Effects of impurities and local behavior characterization using active thermography on solid oxide electrolysis cells

Ambitious policies are needed from every country to drastically curtail the anthropogenic emission of greenhouse gases responsible for the on-going modification of the earth's climate. A quick transition towards a society fully based on renewable materials and energy sources is necessary. Power-to-gas via solid oxide electrolysis cells is a promising solution to accommodate the variability inherent in renewable electricity production. Despite evidence of a high sensitivity to impurities during electrolysis, however, the literature available on the effects of contaminants in the reactant is rather sparse.

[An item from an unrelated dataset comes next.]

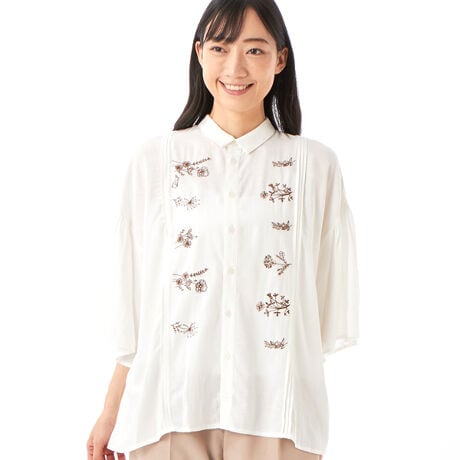 麻混シャンブレー単色アシンメトリー刺繍シャツブラウス

This thesis therefore aims to identify and determine the effects of the potential harmful impurities to which an SOEC can be exposed. The effects of SO2 and HCl, the two most critical impurities identified for Ni-YSZ electrodes, on the performance and durability were investigated using EIS and the analysis of the DRT. The results indicate that the operation in electrolysis reduces the tolerance to impurities. Exposure to HCl and SO2 deteriorated the charge transfer processes at the triple phase boundary, whereas only SO2 limited the catalytic reactions. Durability testing performed in galvanostatic operation with impurities showed a voltage runaway behavior after approximately 200 h. Shorter experiments may thus greatly underestimate the impact of impurities. A low-frequency pseudo-inductive hook appeared in the electrochemical impedance spectra during the poisoning experiments, which was attributed to the Ni-YSZ electrode. Two processes were identified as possible causes: 1) a two-step reaction mechanism involving an intermediate species, or 2) the development of an electronic conductivity in the electrolyte. The former appeared to be the most likely explanation.

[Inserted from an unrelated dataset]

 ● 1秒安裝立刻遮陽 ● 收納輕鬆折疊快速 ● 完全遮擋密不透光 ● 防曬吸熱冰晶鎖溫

This thesis also proposes and assesses the use of active thermography as a novel method to characterize in operando the local behavior of SOCs, thereby overcoming the limitation of typical measurements that only provide spatially averaged values. The proposed method consists of stimulating the solid oxide cell with a current perturbation and analyzing the local thermal response using Fourier transforms. As a preliminary step and to support experimental work, a numerical parametric investigation was performed on lock-in thermography results using a pseudo 2-D model. Analysis of the 1st harmonic revealed that, in addition to electrochemical reactions and the Joule effect, the modulation of the local reactant composition also contributed to the thermal response. Analysis of the 2nd harmonic allowed the visual local non-uniformities not visible in the 1st harmonic. Lock-in thermography measurements performed on the developed test bench were in good agreement with the numerical simulations, thus validating the feasibility of the method. Lock-in thermography was found to be more adapted to SOC applications than pulse thermography, as a lower noise level can be achieved while maintaining a reasonably low current modulation. When CO2 was added to the reactant, the thermal response was modified, thereby demonstrating the sensitivity of active thermography to the reactant composition. Lock-in thermography measurements taken during an SO2-poisoning experiment evidced a spatially non-uniform deactivation process.By combining these results with DRT analysis, a detailed degradation mechanism was proposed, thereby demonstrating the complementary and added benefits of active thermography.